Worldwide, HBV infection is the most common cause of chronic liver disease. South Korea is known as an endemic area of chronic HBV infection.15 Although successful implementation of national vaccination programs to eliminate HBV infection has shown progress in decreasing the prevalence of HBsAg positivity in the general population, South Korea is still classified as an intermediate HBV endemic area.16 In regions with intermediate to high risk of HBV infection, the assessment of HBV reactivation following the use of biologics stands to be a clinically important issue, as RA patients often experience elevated liver enzymes during treatment. Because a majority of RA patients are treated with a combination of medications, including glucocorticoids, DMARDs, and biologics, it is crucial to discriminate between viral reactivation and drug induced liver injury. The risk of HBV reactivation does not seem to be high in patients with resolved HBV infection,6 although evidence further indicates that biologics therapy could be associated with HBV reactivation. In a recent systematic review, the estimated proportion of patients experiencing HBV reactivation in those with resolved HBV infection during TNF-α treatment was 1.7%.17 However, the risk of HBV reactivation in resolved HBV infection due to the use of tocilizumab remains a debate: a literature review suggested that 8.6% of patients treated with tocilizumab suffered from HBV reactivation,18 while in a recent study, HBV reactivation was not reported in patients treated with tocilizumab.1920 We assume that this discrepancy might be attributable to differences in both the definition of HBV reactivation and geographic and ethnic features. In this regard, data regarding the safety of tocilizumab in Korean patients with RA regardless of resolved HBV infection would be needed; however, there are no data thereon. For these reasons, we deduced that tocilizumab may not participate in provoking HBV reactivation in Korean patients with RA regardless of anti-HBc positivity and that, furthermore, it may not contribute to changes in the titers of variables related to HBV in patients with resolved HBV infection.

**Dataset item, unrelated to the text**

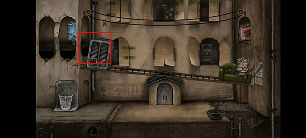 10、绳子断裂后会自动连接盆栽和老人,我们将盆栽推下,就可以引导老人回到房间

The strength of this study is that it is the first to demonstrate the safety of tocilizumab in RA patients, particularly in those with resolved HBV infection, in Korea. Because anti-viral agents should be applied to all patients with chronic HBV infection before the use of biologics, in this study, we focused on HBV reactivation in patients with resolved HBV infection. However, our study has several limitations. First, we had no information on the presence of HBV DNA at initiation of tocilizumab due to the absence of HBsAg in all patients. Second, the number of patients treated with tocilizumab was relatively small with a short follow-up duration. This might have affected the negative results that were observed in this study. In addition, it is unclear whether tocilizumab is more advantageous to TNF-α inhibitors in terms of HBV reactivation, especially in those with resolved HBV infection. Future studies with a larger number of patients treated with tocilizumab will clarify the link between the use of tocilizumab and HBV reactivation in RA patients with resolved HBV infection.

In conclusion, the use of tocilizumab was not associated with HBV reactivation in RA patients, particularly in those with resolved HBV infection, in Korea. We suggest that tocilizumab may be safely applied in terms of HBV reactivation to RA patients with HBsAg negativity and anti-HBc positivity, regardless of anti-HBs.